Il ricordo più bello, e quello più brutto.
“Beh, le soddisfazioni e le delusioni più grosse qui sono sempre legate agli incassi, bene o male. Mio figlio ha fatto il cassiere per un po’ di tempo, e ha iniziato da piccolo, a dieci anni. E ha un record: a dodici anni, in un Spal-Reggiana di Coppa Italia, quando le due squadre erano ancora gemellate, incassò, da solo, diciotto milioni di lire. Il record assoluto della biglietteria invece è Spal-Bologna di campionato nella stagione 1993/94. Nella prevendita, che durò giovedì, venerdì e sabato, incassammo centottanta milioni.

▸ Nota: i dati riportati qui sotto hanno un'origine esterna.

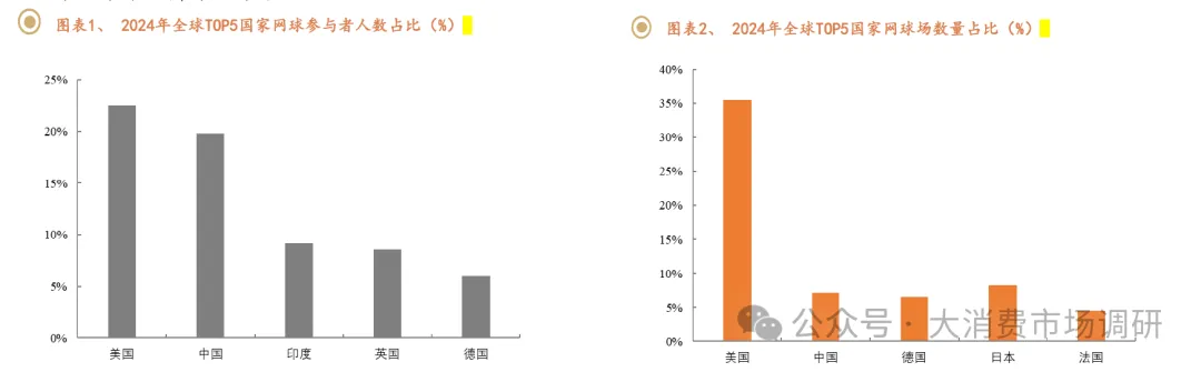 KANTAR 《 从 小众运动 到 全民热潮 解码网球人群与市场机遇 》 2024 年全球网球参与者 TOP 5 国家依次为美国 22 5 、 中国 19 8 、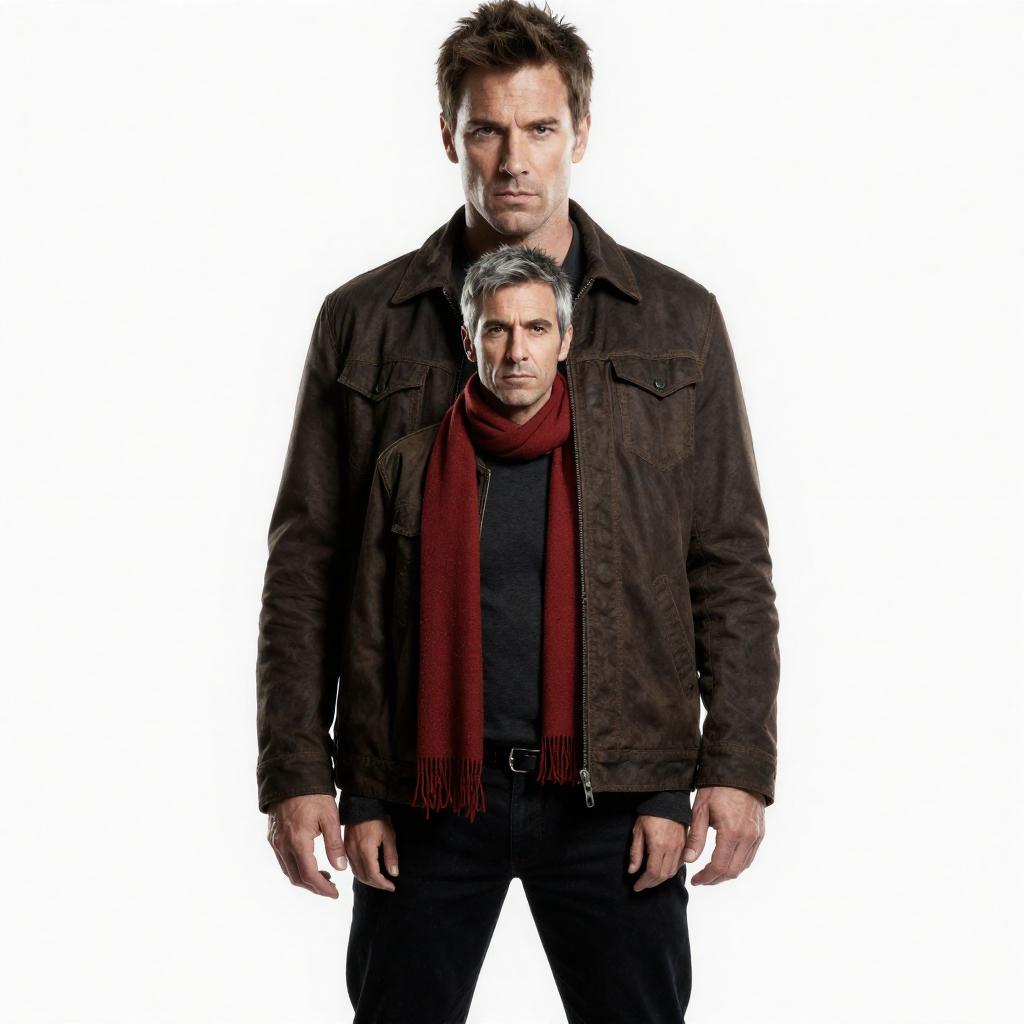 Photograph of two men. Larger man with short brown hair, serious expression, wearing dark brown jacket and black pants. Smaller man with gray hair, serious expression, wearing red scarf, brown jacket, and black pants, partially obscured by black, gray splatter effect. White background. Larger man's right arm extended downward, smaller man's left arm at side.

La partita finì uno a uno e a Bologna poi vincemmo due a zero. Con quel gran gol di Zamuner su punizione, e la rete di Olivares nel finale. Questi sono i ricordi più belli. I momenti peggiori invece sono degli ultimi tempi, con incassi di poche migliaia di euro e pochi spettatori”.

Speriamo di rivedere presto quella Spal da “sold out”.
“Già, speriamo. Sarebbe la gioia di tantissima gente. Degli abbonati storici, che sono lo zoccolo duro. Molti anziani e pensionati, che sono qui da una vita e continuano a esserci. Mi piace paragonarli, per scherzare, ai vecchi iscritti al partito comunista: Sempre quelli, inossidabili, e presenti per una questione di fede. Gente che non sentirai mai parlare di Juventus o di Milan. Solo Spal. Poi per i tifosi della curva, anche loro sempre presenti. Ma anche per gente non di Ferrara. Ci sono Spal club a Milano, Torino, Genova, e chissà dove ancora. Il popolo spallino è grande, e merita di nuovo la soddisfazione di giocare in serie superiori”.